The ministry said it will further discuss this issue based on the opinions it receives from the public.
The draft establishes a reporting system that requires foreign firms to report basic information about themselves to the authorities upon registration and any major changes thereafter.
A quarterly report of business operations and financial information is required if the company’s total assets, sales or revenue exceeds 10 billion yuan (US$1.61 billion) or if it has more than 10 subsidiaries.
And if a foreign firm buys shares of a domestically listed company, the foreign firm needs to report the transaction.
Q: In what areas are foreign companies more likely to be restricted?
A: The restrictions on foreign investors lie mainly in two areas.
Firstly, they may be affected by anti-monopoly regulations, which are governed by another law.
Secondly, in the case of general investments, national and industrial security will be factors restricting foreign businesses.
The draft lists the following sectors as examples of industries to be specially safeguarded: national defense, key technologies, information and cybersecurity, energy, food and resources.
Whether a foreign firm is controlled by a foreign government is also a factor that will be considered.
This is apparently in retaliation against the US government, which often cites Chinese private companies’ alleged links with the Chinese government in deciding to block their investments in the United States.
Q: What organizational changes should an overseas company make to conform to the draft?
A: After the new foreign investment law takes effect, a foreign-invested company will be obliged to adjust its organizational structure to conform to the Company Law within a grace period of three years.
The major alterations could include installing a supervisory board, a trade union and a Communist Party unit, if the firm has enough Party members.

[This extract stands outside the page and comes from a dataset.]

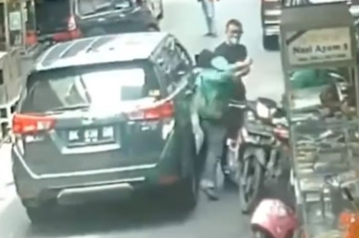 Dalam video awalnya terlihat ada sopir ojol dan pengemudi Kijang Innova saling berhadapan.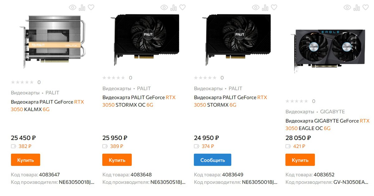 Продажи урезанной GeForce RTX 3050 стартовали по всему миру, включая Россию. Ритейлер Onlinetrade, например, продает карту за 25-28 тысяч рублей, за похожую сумму карту можно найти в Ситилинке.

Q: When will the draft law take effect?
A: The Ministry of Commerce is seeking opinions from the public on the draft.
After the ministry revises the draft, it will be subjected to review by the State Council.
The State Council will then submit it to the National People’s Congress (NPC), which will further review the draft before it is considered by the NPC Standing Committee.
For such an important law, three rounds of deliberation by the Standing Committee may be needed. It really depends on how fast the central government wants the law to take effect.
The foreign investment law has been put in Category II of the NPC’s legislation agenda, meaning “the law could be subject to NPC review when conditions are ripe”.
Three rounds of deliberation alone usually take a year, so the entire process could take several years.
But given that the 12th NPC’s term ends in March 2018, it is possible that the law can be passed by then.